— Ну, как ужин? — Тут она заметила Биба. Его вид поразил её. — Вам нехорошо?..

— …О, напротив… — попытался он ответить как можно твёрже, но это ему плохо удалось.

— Сегодня вечер сюрпризов, — сказала Мэй. — Сейчас произойдёт нечто…

— О да, — перебил он её. — Сейчас произойдёт нечто. Я поднесу вам такой сюрприз, какого вы не ожидаете.

— Вот как? У вас для меня тоже кое-что есть?

— Кое-что!..

Биб лихорадочно обдумывал, что следует сделать. Без участия Кароля он не решался приступить к делу. Разве мог он один арестовать эту страшную женщину?
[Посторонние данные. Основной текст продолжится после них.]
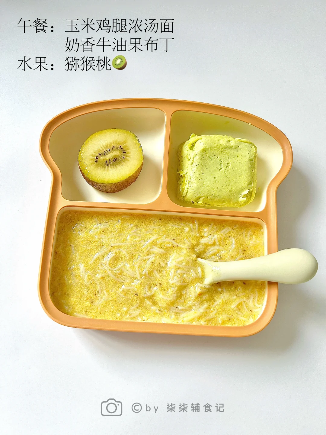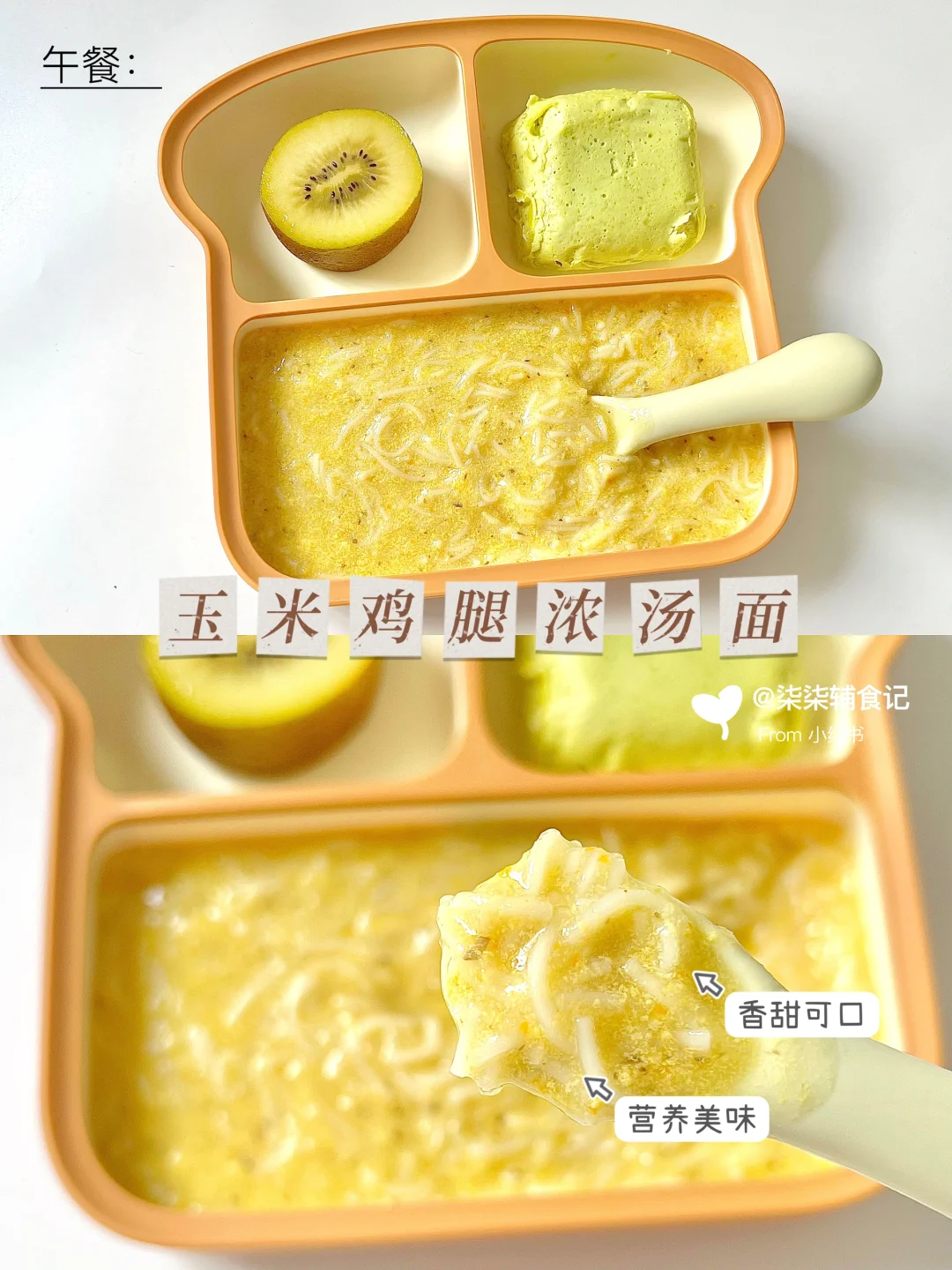 👧:10个月➕9天 ⏰:午餐11:30 🥣:玉米鸡腿浓汤面 🤌:奶香牛油果布丁 🍽️:水果:猕猴桃🥝 ⏰:晚餐18:00 🥣:丝瓜肉末粥 午餐吃玉米鸡腿浓汤面和牛油果布丁,今日的辅食太合胃口啦!居然能全部吃光光~浓汤宝好百搭,怎么煮都好吃😋 晚餐丝瓜肉末粥,营养辅食一锅炖,方便又快捷~ 今天的辅食真省事😁😁 柒柒今天也有在乖乖吃饭呀! ⚠️食材分量根据宝宝的食量添加。 ⚠️食材大小根据宝宝的咀嚼能力处理。

Агент незаметно пятился. Ему оставалось до двери всего несколько шагов, когда в комнату вошла Ма.

— Ужин го… — при виде лица Биба слова замерли у неё на губах.

Он встретил её торопливым вопросом:

— У вас есть оружие?

Это удивило её не больше, чем если бы он просто предложил ей поднять руки. Она покорно ответила:

— Нет.

Но то, что произошло дальше, перевернуло все её представление о происходящем. Биб шагнул к ней и протянул ей пистолет.
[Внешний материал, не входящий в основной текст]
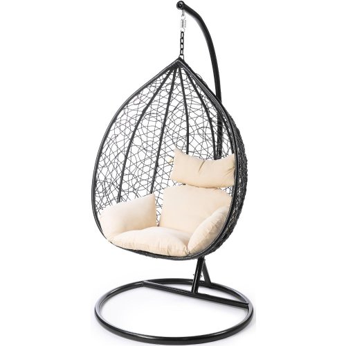 Pohodlné závesné kreslo Sedací kôš s oceľovým rámom je vypletený umelým ratanom Materiál: oceľová konštrukcia, ratan, polyester Vankúše súčasťou balenia v krémovej farbe Bezúdržbový, odolný voči poveternostným vplyvom

— Вот… Держите её под дулом пистолета, — он указал на Мэй, — не спускайте с неё глаз, при первом движении стреляйте. Стреляйте без колебаний!
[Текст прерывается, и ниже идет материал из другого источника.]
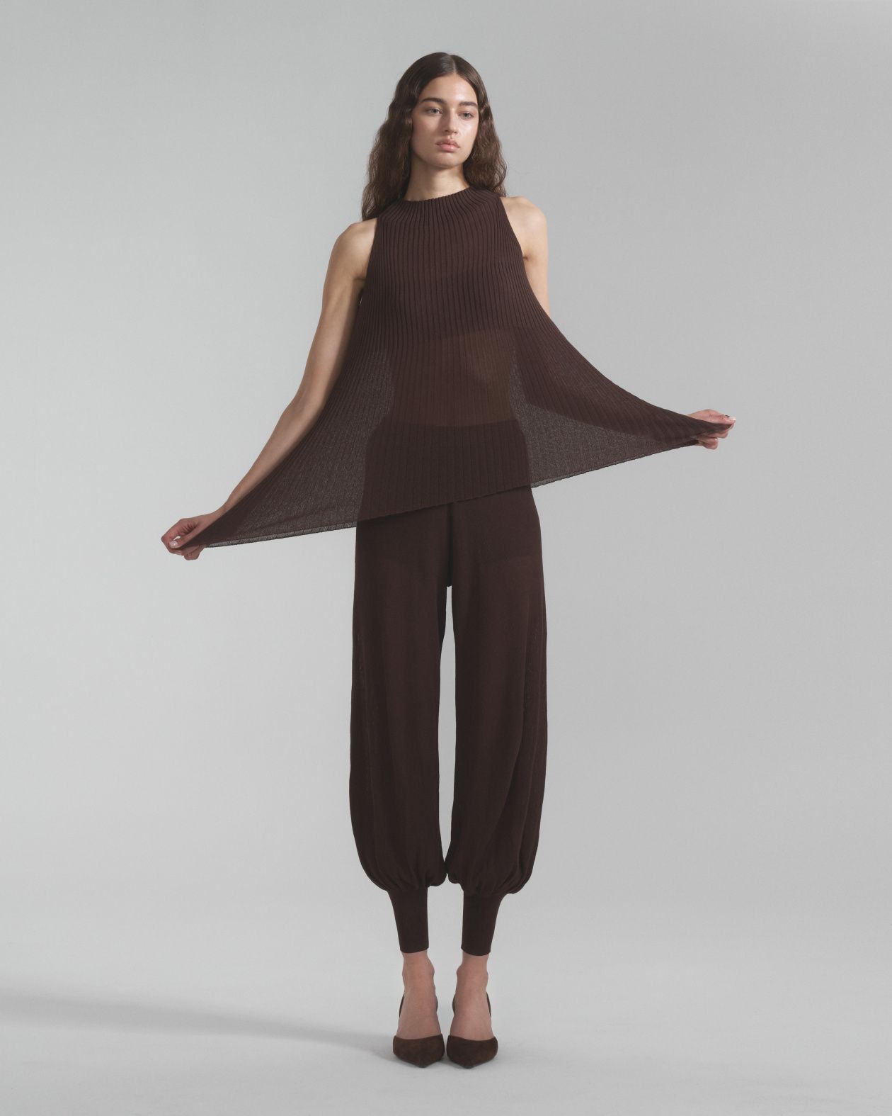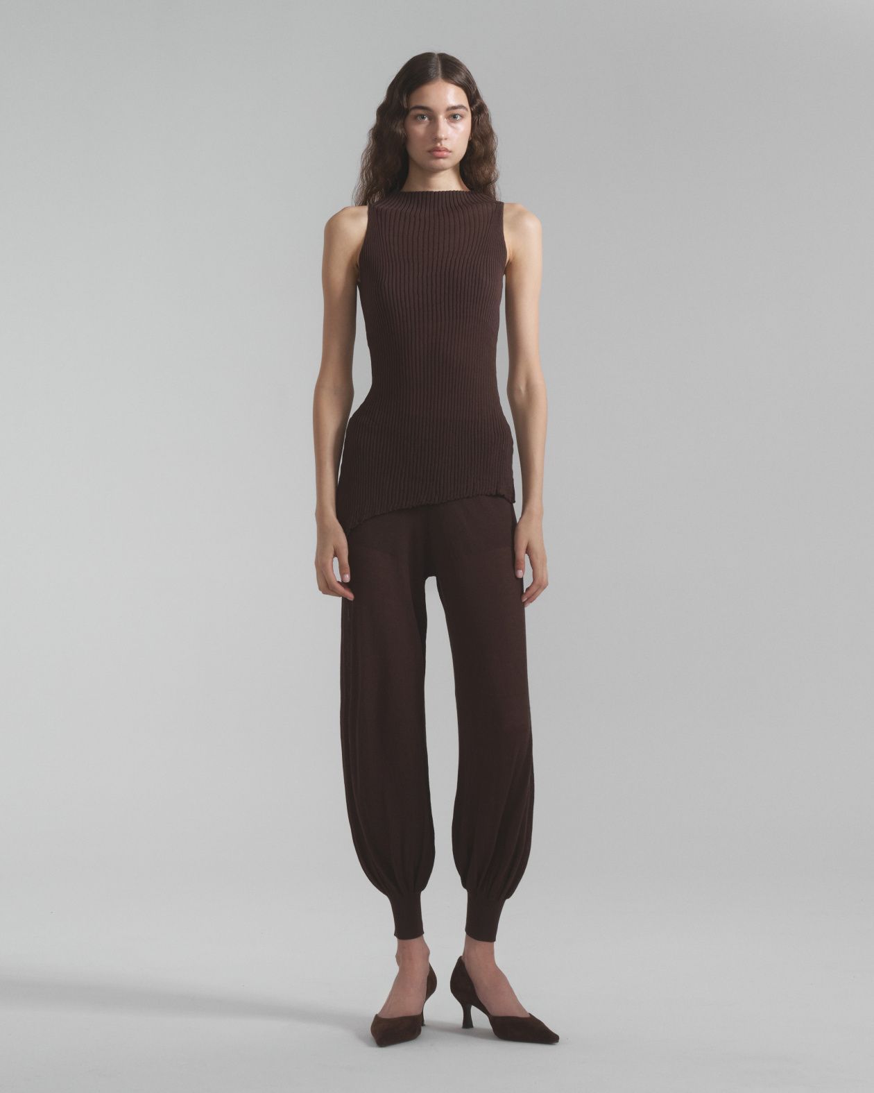 Fitted top with an asymmetrical hemline, round knitted neckline, sleeveless.Composition: 75% cotton, 25% nylon

Удивление помешало Ма что-нибудь ответить.

— Я сейчас же вернусь, — бросил Биб и исчез за дверью.

Ма понимала одно: под дулом её пистолета стоит провокатор; Биб, как и Баркли, ещё ничего не знает о ней самой, о Марии — Ма. Если она убьёт сейчас Аду, то никто ничего и не узнает…

Если бы не необычайное спокойствие Мэй и прямой взгляд, устремлённый на Ма, та, наверно, спустила бы курок. Но выдержка Мэй сбила Ма с толку…

В комнату вбежали горничные. Не громко, но так, что все могли отчётливо слышать, Мэй сказала:

— Светлая жизнь вернётся. Мы сумеем её завоевать. Не правда ли?

Она улыбнулась при виде растерянности, которую не в силах были скрыть девушки.

— Не верьте ей, она агент врагов! — крикнула Ма.

— Если бы это было так, вы уже были бы в наручниках, — невозмутимо сказала Мэй.

А Ма истерически кричала:

— Это она убила Анну! Она сказала, что Анна предательница.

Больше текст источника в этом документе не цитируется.